I just wanna be quiet. I wanna say nothing. I wanna lie here and be still. I wanna wrap my brain around this moment. This nothing moment. I wanna listen to the trains go by. Do you have trains that go by where you live? Do you listen? Do you know that there is always a message in the whistle of a train? I wanna stare at my face in the mirror. And love that woman. Ain't she so pretty? Don't she love so free? Don't she know who she is by now? I just wanna write. I just wanna tell stories. Stories about babies and ghosts. My grandmama saw ghosts. Did you ever see one? I did. I saw a ghost. We talked with our eyes and then he was gone.
I wanna tell stories. About water. About drowning in all these dreams. I wanna write stories about pictures that come to me in the middle of the night. About words yammering in my head the day long. I wanna sing songs. Songs about freedom and walking free so easy on the streets under the stars.
I wanna ask questions. Questions about hate and why. I wanna ask why we so scared of our own fool selves we hate our sisters. Hate our brothers. I wanna know all this why there is to know. All the wise there is to know.

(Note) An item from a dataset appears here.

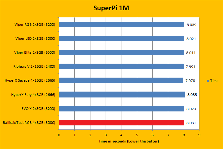 We have always included SuperPi in our benchmark results, because it is a quick and dirty run that always proves to be interesting. It is neither the fastest way to calculate Pi nor is it the most challenging. But being an enthusiast at heart, this program has always provided interesting results for showing off your overclocking prowess on your favorite online forum. This time around, the Ballistix Tactical Tracer RGB PC4-24000 4x8GB scored mid pack, albeit being the second fastest rated memory kit in this test. That said, wherever you were in the rankings, the differences were negligible at best.

Wanna read. Read all the tall tales ever been told. All the bold things ever been said. I wanna grow. Tall up to Orion. Reach way past the sky. I wanna come back down to earth. Listen to God as God speaks. On some riverbank far away from folks and evil. I wanna listen to God call the sun to wake. Watch the squirrels run so fast and play.
Then sleep. Don't sleep sound so good? Just close my eyes. Close my eyes. And open them way above.